##### Data shown

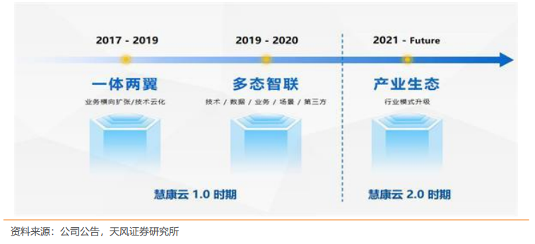 创业慧康成立于1997年,在20多年的发展历程中,一贯秉持“创造智慧医卫、服务健康事业”的愿景,专注医疗卫生领域的信息化服务与创新。公司通过“一体两翼”的发展战略,构建横向业务发展经营模式,产品涵盖医疗、卫生、医保、健康、养老等各种服务场景。经过多年云技术和多态智联的研发推进,2021 年公司正式启动“慧康云”的整体云化转型发展战略,从传统 IT 信息产品服务商向科技云生态企业的转型,形成医疗卫生健康信息化行业的云生态价值供应链。
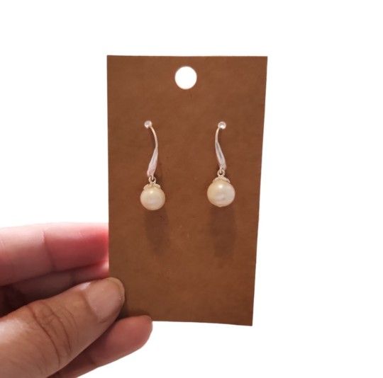 Vintage Sterling Silver Pearl Drop Earrings 1"
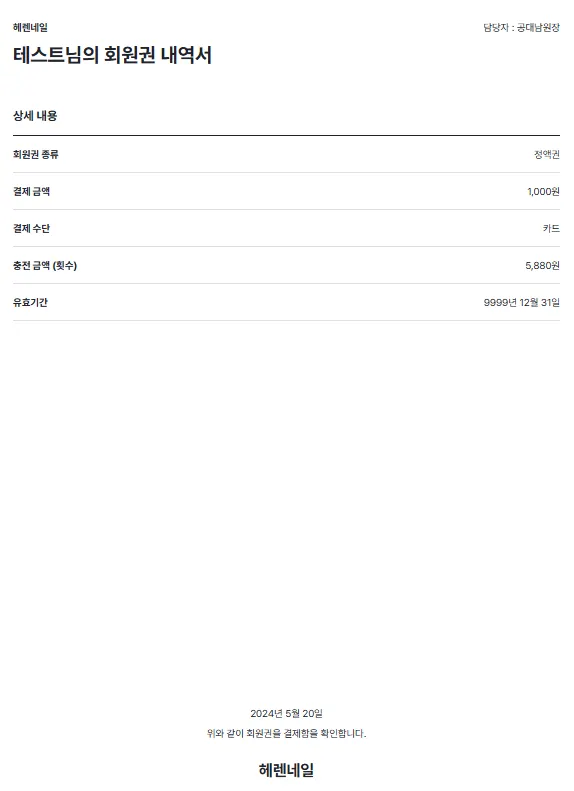회원권 내역서 - 회원권(정액권, 티켓) 충전 내역(결제수단, 충전금액, 유효기간 등)

##########

▶ _Problem_: Please write every line above out exactly as given, except for any pictures.

▶ _Result below_:
 创业慧康成立于1997年,在20多年的发展历程中,一贯秉持“创造智慧医卫、服务健康事业”的愿景,专注医疗卫生领域的信息化服务与创新。公司通过“一体两翼”的发展战略,构建横向业务发展经营模式,产品涵盖医疗、卫生、医保、健康、养老等各种服务场景。经过多年云技术和多态智联的研发推进,2021 年公司正式启动“慧康云”的整体云化转型发展战略,从传统 IT 信息产品服务商向科技云生态企业的转型,形成医疗卫生健康信息化行业的云生态价值供应链。
 Vintage Sterling Silver Pearl Drop Earrings 1"
회원권 내역서 - 회원권(정액권, 티켓) 충전 내역(결제수단, 충전금액, 유효기간 등)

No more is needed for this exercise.